The most popular organic fertilizer is feces while the most popular pesticide is copper sulfate. Both of those don't sound great to ingest but a new study says that extra dung leads to more bacteria - and that may be a good thing, if you believe a lot more bacteria is beneficial to gut health.

Yogurt marketing and supplement claims aside, there is no evidence that your body is impacted by probiotics unless you suffered a legitimate medical issue (as in you need an actual fecal transplant), yet like gluten-free diets probiotic foods have become a trend among people with extra money to spend. The same people who buy organic food.

For that wealthier demographic, a new paper has good news; organic food has a lot more bacteria, but the authors believe it might be a good thing. It's okay to be skeptical. Chipotle didn't make fewer people ill when they started touting their organic ingredients (not the cheese, the beef or the soda, but the burrito was non-GMO at least), a lot more people started vomiting because of increased bacteria and viruses, and if you drink raw milk, you are asking for a day on the toilet, but no one has implicated organic apples yet. 



Some skepticism is warranted. The authors suggest organic apples may actually be tastier because of different bacteria, and that doesn't make a lot of sense, unless you believe that being able to detect the gravitational effect a fly in your kitchen has on the moon means the moon is being thrown out of orbit by the fly. Taste is unlikely to be noticeable because the pesticide has an organic label. It is common for people to take different kinds of food grown in a region's particular soil and declare because they like that food more, it is the type pf sticker on the chemicals used in the process rather than the giant, glaring differences in the food itself.
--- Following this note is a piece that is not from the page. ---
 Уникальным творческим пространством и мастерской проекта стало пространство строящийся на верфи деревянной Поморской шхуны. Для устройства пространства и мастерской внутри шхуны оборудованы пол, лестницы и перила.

To shore up their belief that organic apples must be healthier because, you know, organic, they bought conventional and organic apples and analyzed the parts (1) and had to be disappointed to find they both contained about 100 million bacteria.(2) So they switched gears and found that the organic apples had more diverse bacteria. And if you are going to virtue signal about your food, telling your Manhattan friends that your apples are more diverse in their probiotics than the apples those peasants between NYC and Frisco eat means you are winning the Living Your Best Life Award that day.

Some of those bacteria might maybe perhaps possibly be correlated to an increased chance of better health some day, like the Lactobacilli that yogurt marketing groups are always going on about. And if you truly want to believe organic pesticides taste better than conventional pesticides because they cause more bacteria, it gets even better; there was more Methylobacterium. Sure, that really only matters in strawberry flavor, but it gives you a new term to drop when you are swishing the organic apples around in your mouth and describing the bouquet for your friends.
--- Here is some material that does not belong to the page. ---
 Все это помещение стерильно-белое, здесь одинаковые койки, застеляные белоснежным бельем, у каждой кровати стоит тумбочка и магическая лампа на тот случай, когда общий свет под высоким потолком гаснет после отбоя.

"Freshly harvested, organically managed apples harbor a significantly more diverse, more even and distinct bacterial community, compared to conventional ones," says study senior author Professor Gabriele Berg of Graz University of Technology in their press release. There is an opening on all those organic trade group paper-writing committees that discredited economist Chuck Benbrook used to occupy, so Berg may be the perfect person to sit in on those new Environmental Health Perspectives articles claiming organic food just tastes better.

NOTES:

(1) Even the calyx, that part at the bottom where the flower used to be. I didn't even know what that was called but it sounds a lot more like science if you list uncommon words.

 (2) That sounds like a lot, but it really isn't. It's about as many as you'd get on an apple. Still, if you are going to write a paper but don't really have anything conclusive to put in, throwing around cosmic numbers helps sell it.